Sublimation print, mounted and framed with glass
83 x 73 cm
Edition of 3
Courtesy Jean-Kenta Gallery, Paris

The works in the series Astrarium (2020) are a metaphor for the nonlinear nature of progress. Each photograph is the result of setting in motion a dial of the Astrarium, the oldest clock known in history, made in the Middle Ages by Giovanni Dondi and which disappeared during the Renaissance. This instrument achieved the feat of calculating the positions at any time of the year of the seven major stars and planets known to science at that time by materialising the geocentric system.
In the mid-1980s, the Musée International d’Horlogerie (MIH, La Chauxde-Fonds, Switzerland) succeeded in reproducing the clock thanks to Dondi’s original manuscript preserved for six centuries in Padua.

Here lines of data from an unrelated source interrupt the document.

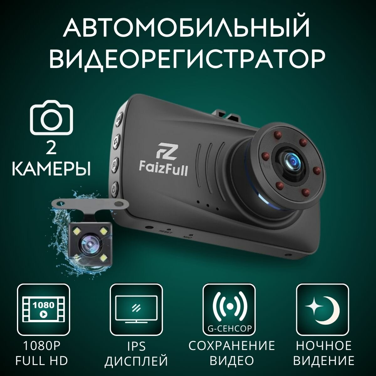 Автомобильный видеорегистратор, с камерой заднего вида, 2 камеры, 1920x1080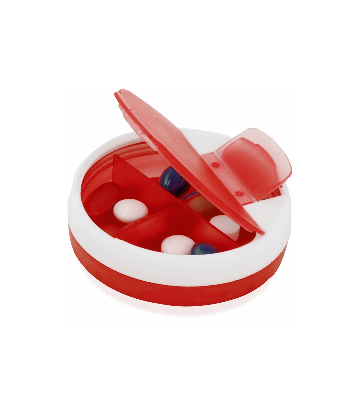 Original pastillero en diseño bicolor con tapa dispensadora de pastillas y 4 compartimentos interiores.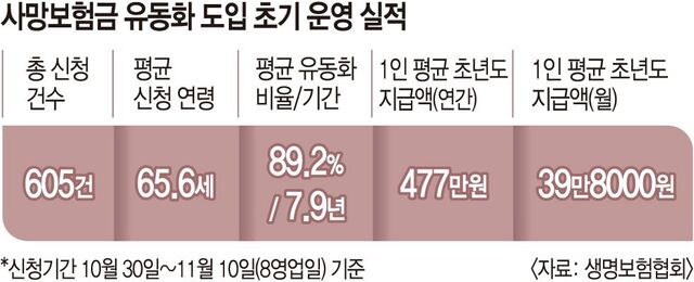»ç¸Áº¸Çè±Ý À¯µ¿È´Â ±ÝÀ¶À§¿øÈ¸°¡ Áö³ 3¿ù ³ë³âÃþÀÇ »ýȰ ÀÚ±Ý È®º¸¸¦ µ½±â À§ÇØ ¹ßÇ¥ÇÑ Á¦µµ´Ù. Á¾½Åº¸Çè »ç¸Áº¸Çè±ÝÀÇ ÃÖ´ë 90%¸¦ »ýÀü¿¡ ¿¬±Ýó·³ ¾µ ¼ö ÀÖµµ·Ï ÇÑ´Ù. ¼ÒºñÀÚ´Â °¡ÀÔÇÑ »óǰÀÇ ÇØ¾àȯ±Þ±Ý ±Ô¸ð¸¦ Åä´ë·Î À¯µ¿È ºñÀ²°ú Áö±Þ ±â°£À» ¼±ÅÃÇØ ¿¬°£ Áö±Þ ±Ý¾×À» Á¶Á¤ÇÒ ¼ö ÀÖ´Ù. À¯µ¿È ºñÀ²ÀÌ ³ô¾ÆÁö°í Áö±Þ ±â°£ÀÌ Âª¾ÆÁú¼ö·Ï ÇÑ ÇØ¿¡ ¹Þ´Â ±Ý¾×Àº ´Ã¾î³ª´Â ±¸Á¶´Ù.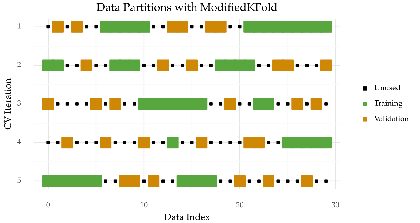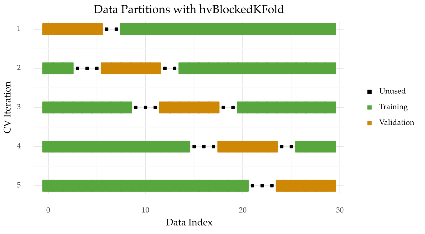 8. hv-블럭 K-폴드 교차검증 : 블럭 K-폴드 교차검증과 동일하지만, 훈련세트와 평가세트 사이에 간격을 두어 독립성을 확보하는 것이 차이입니다.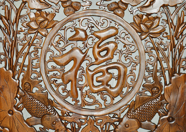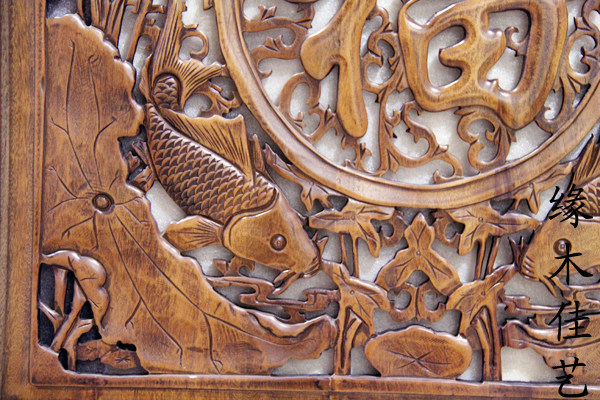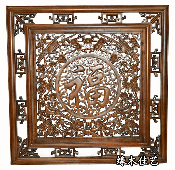 Dongyang wood carving Fu word pendant Camphor wood carving square wall hanging Chinese wall decoration double fish blessing 1 meter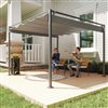 - This 10 x 10‑ft metal pergola features a powder‑coated frame for added strength, a retractable roof for adjustable shade, and an open, spacious design that comfortably accommodates multiple people in one area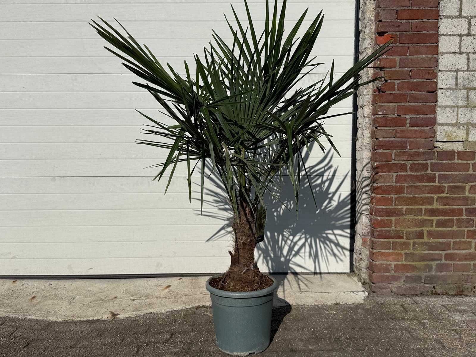 Type: Chinese Waaierpalm Latijnse benaming: Trachycarpus Fortunei Hoogte ca.: 150cm In pot: true Diameter ca.: 75cm Stamdikte: 8cm Leeftijd: 10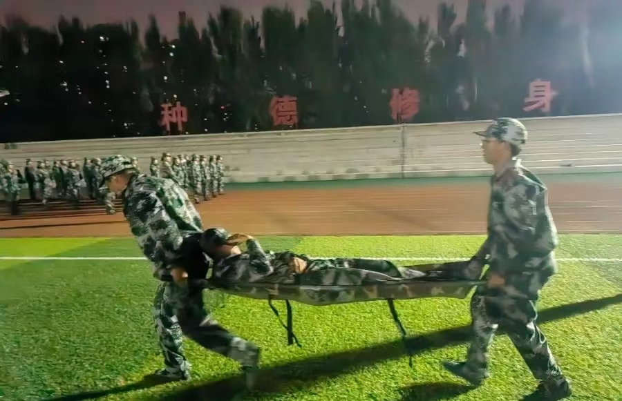 军训场上的热血拼搏,离不开医疗救护团队的默默护航,他们用专业与温情,为训练筑起“安全屏障”。军训医疗点内,穿白大褂的学生志愿者分工明确、有条不紊。有人蹲在地上,细致为训练擦伤的同学清创、涂药、包扎,动作轻柔且精准,边操作边轻声讲解护理注意事项;有人守在降温区,为烈日下训练的同学递上解暑饮品,用湿毛巾仔细擦拭额头,耐心普及防暑知识。正午时分,他们背着急救包穿梭在各个训练方阵,主动观察同学状态,遇有不适立刻上前帮扶,额角渗满汗珠却始终保持专注,用细致与负责诠释“哪里有需要,哪里就有白衣”的担当。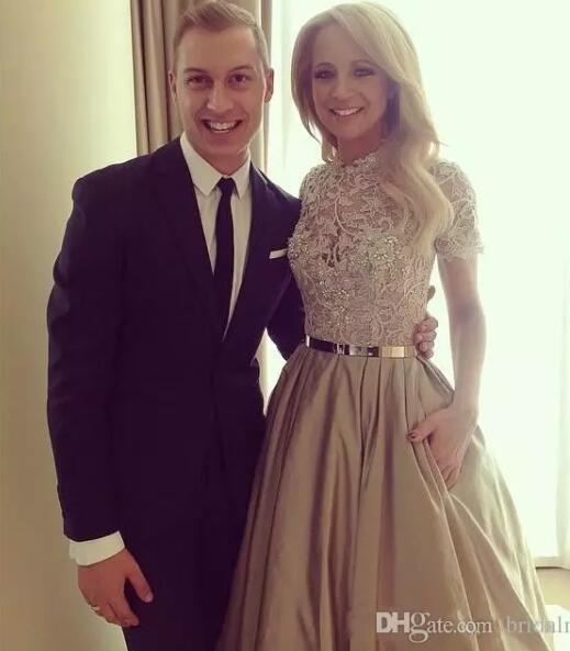 Elgeant Short Lace Champagne Long Prom Dresses Evening Dresses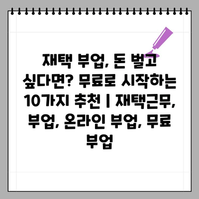 재택 부업, 돈 벌고 싶다면? 무료로 시작하는 10가지 추천 | 재택근무, 부업, 온라인 부업, 무료 부업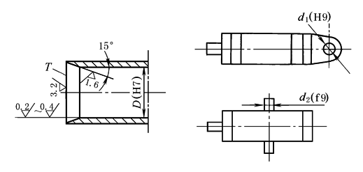 ① 缸筒内径D采用H7或H8级配合,表面粗糙度Ra值一般为0.16~0.32μm,需进行研磨。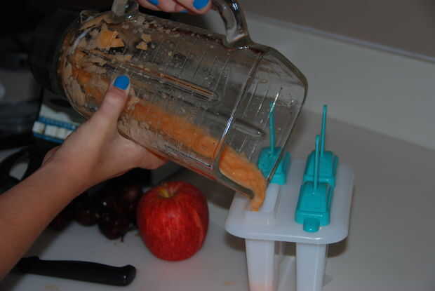 Vierta la fruta mezclada en el moldeador de paletas.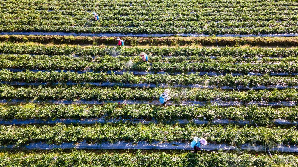 上传时间: 2024-03-04 18:28:56 图片说明: 2024年3月4日,海南省琼海市塔洋镇农民在田园里为辣椒施叶面肥。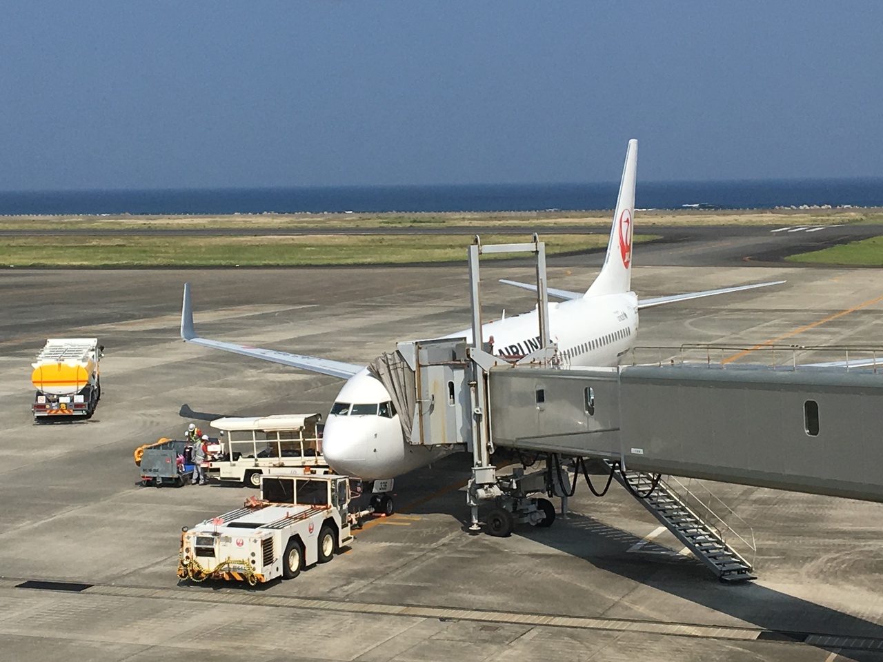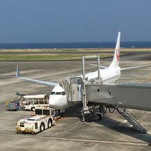 小規模な空港です。一階にチェックインカウンターと到着出口、二階が数店の土産物店とレストランぐらいでした。屋上に展望所がありました。海を埋め立ててできたため、背景に邪魔されることなく、飛行機の離発着が眺められるのが良かったです。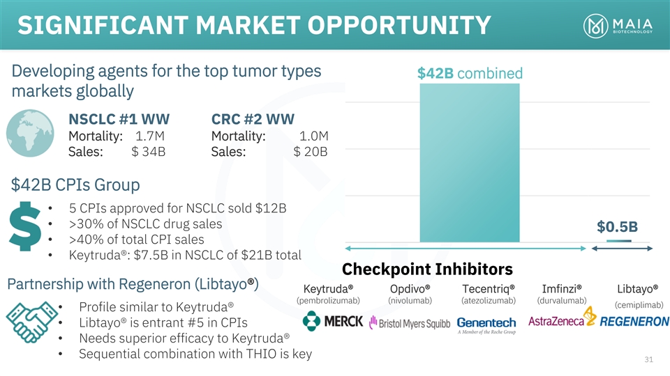 SIGNIFICANT MARKET OPPORTUNITY Developing agents for the top tumor types $42B combined markets globally NSCLC #1 WW CRC #2 WW Mortality: 1.7M Mortality: 1.0M Sales: $ 34B Sales: $ 20B $42B CPIs Group • 5 CPIs approved for NSCLC sold $12B • >30% of NSCLC drug sales $0.5B • >40% of total CPI sales Category 1 Category 1 • Keytruda®: $7.5B in NSCLC of $21B total Checkpoint Inhibitors Partnership with Regeneron (Libtayo®) Keytruda® Opdivo® Tecentriq® Imfinzi® Libtayo® (pembrolizumab) (nivolumab) (atezolizumab) (durvalumab) (cemiplimab) • Profile similar to Keytruda® • Libtayo® is entrant #5 in CPIs • Needs superior efficacy to Keytruda® • Sequential combination with THIO is key 31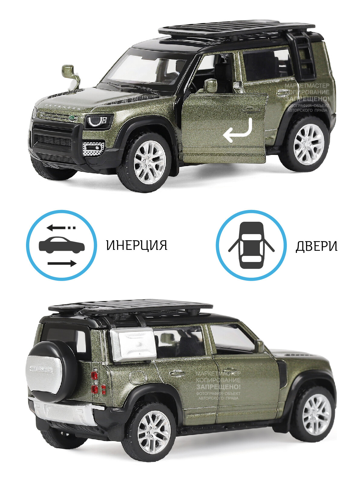 Машинка металлическая инерционная ТМ Автопанорама, Land Rover Defender 110, М1:43, оливковый, JB1251496 информация: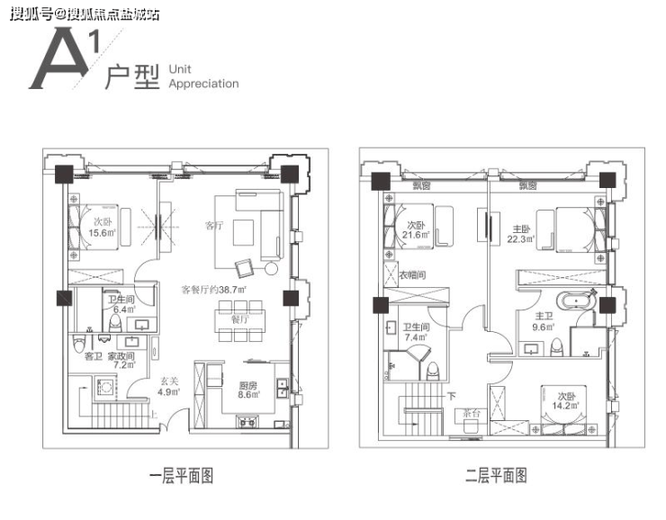 A1户型:180度全景采光,超大尺度一体客餐厅,奢阔主卧。

By creating moving images of this clock, which was considered a wonder of the world at the time, Raphaël Dallaporta has created a new representation. Collaborating with Masaki Kanazawa, conservator at the MIH, the artist photographed the movement of each of the Astrarium’s dials using a light source and long exposure times. The light thus forms loops that return to their course while unfolding; the planets seem to move backwards in order to move forwards, a phenomenon known as retrogradation which, for the artist, constitutes a metaphor for the nonlinear course of progress, following the example of what the philosopher and historian Ernest Renan wrote in L’Avenir de la science [The Future of Science] (1890): “True progress sometimes seems to be a retreat and then a return. The retrogrades of humanity are like those of the planets. Seen from the earth, they are retrogrades; but absolutely they are not. The retrogradation occurs only to the eyes that see only a limited portion of the curve”.